== About this exercise ==
What you should give back is a precise copy of the lines below from the one containing "Chariot entièrement pliable" through the one containing "伊藤 博之 教授)、修了生の松山幸太さんたちの作品「結いの種を蒔く」が審査員賞(相澤賞)を受賞しました。", with no pictures.

[Extracted records — start]

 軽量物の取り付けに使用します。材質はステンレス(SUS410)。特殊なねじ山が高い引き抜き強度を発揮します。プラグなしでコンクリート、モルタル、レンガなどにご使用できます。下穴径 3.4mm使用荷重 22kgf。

[Extracted records — finish]
[Extracted records — start]

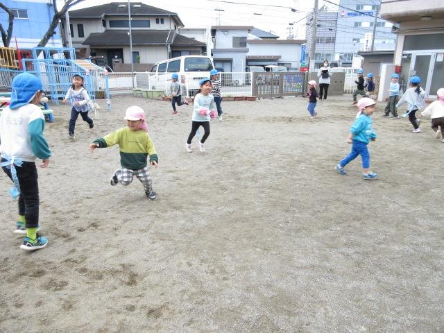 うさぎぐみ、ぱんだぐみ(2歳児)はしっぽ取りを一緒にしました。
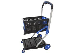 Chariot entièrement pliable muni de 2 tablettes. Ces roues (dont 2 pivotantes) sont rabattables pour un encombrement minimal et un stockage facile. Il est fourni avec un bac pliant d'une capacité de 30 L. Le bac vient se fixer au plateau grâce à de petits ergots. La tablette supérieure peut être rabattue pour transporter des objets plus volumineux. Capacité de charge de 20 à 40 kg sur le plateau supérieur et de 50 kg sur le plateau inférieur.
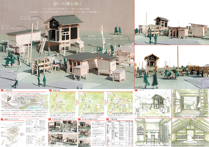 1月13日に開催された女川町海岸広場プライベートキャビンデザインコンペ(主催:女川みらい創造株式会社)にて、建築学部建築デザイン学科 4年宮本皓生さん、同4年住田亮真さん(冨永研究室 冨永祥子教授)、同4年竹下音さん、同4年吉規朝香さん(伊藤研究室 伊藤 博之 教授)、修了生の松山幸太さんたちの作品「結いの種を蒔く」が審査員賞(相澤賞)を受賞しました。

[Extracted records — finish]

== Exercise solution ==
 Chariot entièrement pliable muni de 2 tablettes. Ces roues (dont 2 pivotantes) sont rabattables pour un encombrement minimal et un stockage facile. Il est fourni avec un bac pliant d'une capacité de 30 L. Le bac vient se fixer au plateau grâce à de petits ergots. La tablette supérieure peut être rabattue pour transporter des objets plus volumineux. Capacité de charge de 20 à 40 kg sur le plateau supérieur et de 50 kg sur le plateau inférieur.
 1月13日に開催された女川町海岸広場プライベートキャビンデザインコンペ(主催:女川みらい創造株式会社)にて、建築学部建築デザイン学科 4年宮本皓生さん、同4年住田亮真さん(冨永研究室 冨永祥子教授)、同4年竹下音さん、同4年吉規朝香さん(伊藤研究室 伊藤 博之 教授)、修了生の松山幸太さんたちの作品「結いの種を蒔く」が審査員賞(相澤賞)を受賞しました。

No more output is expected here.